Please refer to FIG. 1, FIG. 1 shows the front view of a brightness enhancement film 110. The brightness enhancement film 110 is mainly comprised of a base plate 111 and a structured layer 112. The thickness of the base plate 111 is about 175 μm. The material of the base plate 111 is transparent polyethylene terephthalate, hereinafter referred to as PET. Furthermore, additives are coated on the base plate 111. The thickness of the structured layer 112 is about 25 μm. The material of the structured layer 112 is photosensitive acrylic resin. The structured layer 112 is combined and joined with the base plate 111 by using the additives.
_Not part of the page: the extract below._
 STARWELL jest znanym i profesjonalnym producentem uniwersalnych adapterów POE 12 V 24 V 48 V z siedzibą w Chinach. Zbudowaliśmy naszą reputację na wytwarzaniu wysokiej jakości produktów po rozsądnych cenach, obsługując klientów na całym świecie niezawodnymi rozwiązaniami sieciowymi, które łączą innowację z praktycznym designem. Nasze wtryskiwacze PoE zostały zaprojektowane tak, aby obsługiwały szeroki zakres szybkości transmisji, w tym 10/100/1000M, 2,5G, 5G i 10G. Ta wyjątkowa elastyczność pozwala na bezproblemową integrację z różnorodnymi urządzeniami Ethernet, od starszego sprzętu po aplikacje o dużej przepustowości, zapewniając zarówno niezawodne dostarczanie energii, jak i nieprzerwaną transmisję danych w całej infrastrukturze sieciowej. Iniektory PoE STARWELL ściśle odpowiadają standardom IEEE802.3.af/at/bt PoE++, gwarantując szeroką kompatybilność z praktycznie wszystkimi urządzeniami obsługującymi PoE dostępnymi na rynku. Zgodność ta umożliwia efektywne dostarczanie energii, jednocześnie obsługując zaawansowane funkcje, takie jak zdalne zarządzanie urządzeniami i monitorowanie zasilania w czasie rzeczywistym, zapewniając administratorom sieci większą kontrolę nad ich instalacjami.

Due to the prismatic microstructures on the structured layer 112, the brightness enhancement film 110 is able to condense the light. Consequently, the angle for the emergent light indicated as L₁ from the brightness enhancement film 110 will become narrowed, so as to increase the illumination brightness within the viewing angle range.

However, when the incident angle compared with respect to the brightness enhancement film 110 is much smaller, the light indicated as L₂ in FIG. 1 will be easily reflected by the structured layer 112. After being reflected, the length of the route segment of the light L₂ will be increased, and thus the illumination brightness of the light L₂ will be deteriorated. In order to solve this problem, some manufacturers added a plurality of diffusion particles in the structured layer 112, as shown in Taiwanese patent (patent No. 1301548).
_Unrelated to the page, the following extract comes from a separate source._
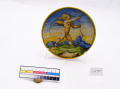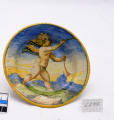 Додаток до назва (лист, ...): Тарілка маленька з пласким вузьким бортом. Вся поверхня декрована зображеннмя пейзажу та фігури Амура з сурмою у руках./Історія Атрибуціi: В записах Ханенка вважався як вироб Пезаро

However, adding diffusion particles in the structured layer 112 will increase the cost of manufacturing and materials. The diffusion particles are made of materials which have larger optical absorptivity than the structured layer 112, therefore, the diffusion particles would absorb more light, and thus the illumination brightness using the brightness enhancement film will be deteriorated. As a result, the method of adding diffusion particles in the structured layer 112 remains still at an experimental stage, and has not yet gone into mass production phase.

Hence, the inventor of this application provides an optical film which is able to avoid light having a smaller incident angle from being reflected by the structured layer, and thereby increase the illumination brightness and lower the manufacturing cost.

SUMMARY OF THE INVENTION

One object of the present invention is to provide an optical film and manufacturing method thereof. The optical film can provide higher illumination brightness and has lower material cost.
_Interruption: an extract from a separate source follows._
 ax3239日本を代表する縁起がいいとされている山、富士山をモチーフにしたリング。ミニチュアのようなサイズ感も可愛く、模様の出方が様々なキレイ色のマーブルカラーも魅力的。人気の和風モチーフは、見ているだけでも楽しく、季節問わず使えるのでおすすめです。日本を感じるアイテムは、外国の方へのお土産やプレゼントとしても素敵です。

To achieve the foregoing and other object, an optical film is disclosed. The optical film includes a main body and a plurality of first microstructures. In addition, a plurality of micro bubbles is distributed in the main body. The first microstructures are disposed on one side of the main body. Furthermore, the light would be condensed by the shape of the first microstructures.

To achieve the foregoing and other object, a manufacturing method of an optical film is provided, and the manufacturing method is described in the following text. First, a first curing glue is provided. The first curing glue is made by mixing together a photocurable resin and a thermosetting resin. The percent weight of the thermosetting resin is about 1%˜5% as compared to the weight of the curing glue as a whole. Then a plurality of micro bubbles in the first curing glue is formed. Thereafter, the first curing glue is illuminated by light emitting from a first light source. The first curing glue would be cured by the light and the heat irradiated from the first light source.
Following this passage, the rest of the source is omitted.